Publication of CN106055594A publication Critical patent/CN106055594A/en

Links

Classifications

    • GPHYSICS
    • G06COMPUTING; CALCULATING; COUNTING
    • G06FELECTRIC DIGITAL DATA PROCESSING
    • G06F16/00Information retrieval; Database structures therefor; File system structures therefor
    • G06F16/90Details of database functions independent of the retrieved data types
    • G06F16/95Retrieval from the web
    • G06F16/953Querying, e.g. by the use of web search engines
    • G06F16/9535Search customisation based on user profiles and personalisation

Abstract

The present invention provides an information providing method based on user interests.
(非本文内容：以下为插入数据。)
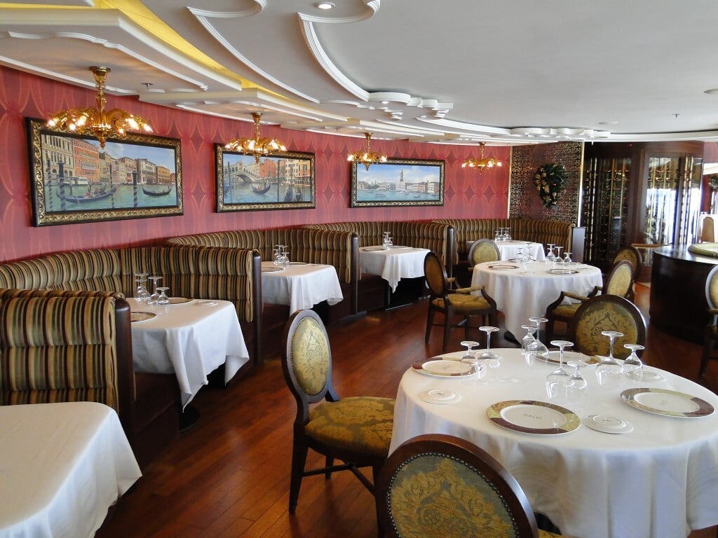 Outro ponto alto do cruzeiro é a gastronomia. Os navios contam com três diferentes restaurantes rotativos, onde os passageiros podem jantar cada noite num restaurante diferente e temático. Além disso, existem outros restaurantes e lanchonetes pelo navio e ainda mais dois restaurantes exclusivos para adultos.
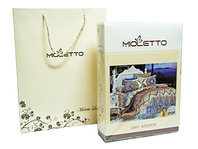 Упаковка: ПВХ пакетПродукция торговой марки "Mioletto" отшивается на текстильной фабрике в Китае с использованием современного, в техническом отношении, оборудования и передовых технологий. Основная специализация - постельное бельё, для производства которого используются экологически чистые материалы: хлопок, эвкалиптовое волокно.
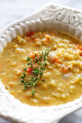 In a 3 1/2 quart or larger slow cooker, combine the lentils, celery, carrots, onion, garlic, and ham. Season with basil, thyme, oregano, the bay leaf, and pepper. Stir in the chicken broth, water, and tomato sauce. Cover and cook on low for 11 hours. Discard the bay leaf before serving.
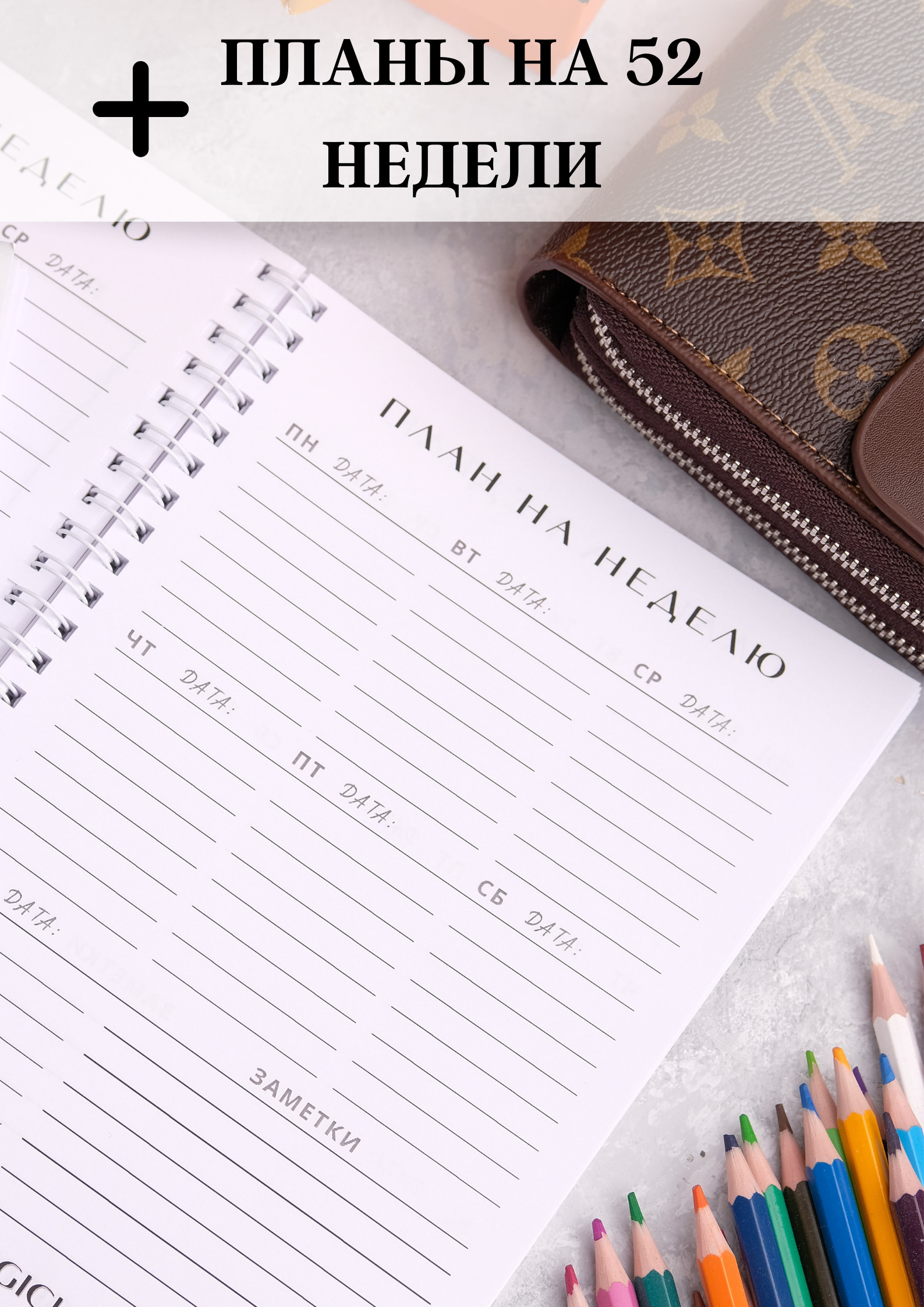 3 в 1: планер, ежедневник и еженедельник MAFICLIFE поможет тебе фиксировать все свои планы, желания и цели в одном месте.Яркий дизайн с фразой "Все идет по плану. Я все могу" будет мотивировать на новые победы.Он рассчитан на 1 год: смело пиши планы на 12

The method comprises performing data conversion and sampling on an input data set, obtaining initial retrieval results through data retrieval, and reordering the initial retrieval results on basis of correlation measurement of the results and retrieval types. According to the information providing method based on the user interests, the data set is uniformly collected and managed by a distributed retrieval system, the retrieval results are further optimized on basis of feedback and evaluation of users, and user customized requirements are efficiently satisfied.

Description

基于用户兴趣的信息提供方法 Based on the information provided interest-method

技术领域 FIELD

[0001] 本发明涉及数据推送,特别涉及一种基于用户兴趣的信息提供方法。 [0001] The present invention relates to a data push, and particularly relates to a method of providing information based on user interest.

背景技术 Background technique

[0002] 在信息时代的今天,随着互联网技术和社会信息化技术的不断发展,信息量以爆炸式的速度增长,互联网正不断地影响和改变着人们的日常生活方式。 [0002] In today's information age, with the continuous development of Internet technology and social information technology, the amount of information at a rate of explosive growth, the Internet is constantly influenced and changed the way people's daily lives. 然而,随着网络信息变得越来越纷繁复杂,人们如何从如此浩瀚的信息海洋中高效地找到符合需求的信息就成了一个越来越值得关注的课题。 However, as networks become more complex information, people find information on how to become a subject of growing concern to meet the needs of information from the vast ocean so efficiently. 虽然有相关分布式检索系统可以帮助人们更精确的找到所需要的信息,但在某些应用领域,如电影、音乐、社交网络搜索,用户一般不能很好的提出很好的检索需求,通过研究用户的历史记录、用户的社会化信息以及对应领域数据的属性信息,将用户的信息建模或者领域数据资源建模,通过可靠方式将用户潜在感兴趣的数据资源推荐给用户。 Although there are relevant distributed retrieval system can help people more accurately find the information they need, but in some applications, such as movies, music, social networking, search, users are generally not well made good retrieval needs, through research history of the user, the user's social information and attribute information corresponding to the field of data, information or data modeling user resource modeling field, reliable data resources by way of potential interest to the user recommended to the user. 然而现有的分布式检索系统在工作效率和用户的满意度各不相同,并且缺少通用的接口来处理异构数据的输入。 However, the conventional distributed retrieval system differ in the efficiency and user satisfaction, and the lack of a common interface to handle heterogeneous data input.

发明内容 SUMMARY

[0003] 为解决上述现有技术所存在的问题,本发明提出了一种基于用户兴趣的信息提供方法,包括: [0003] In order to solve the above problems of the prior art, the present invention proposes a method of providing information based on user interest, comprising:

[0004] 对输入数据集进行数据转换和采样, [0004] The data conversion and sampling of the input data set,

[0005] 通过数据检索得到初始检索结果, [0005] The obtained data retrieved by the initial search result,

[0006] 基于结果和检索式的相关性度量对初始检索结果进行重新排序。 [0006] reorder the search results based on the initial results and correlation metrics retrieval formula.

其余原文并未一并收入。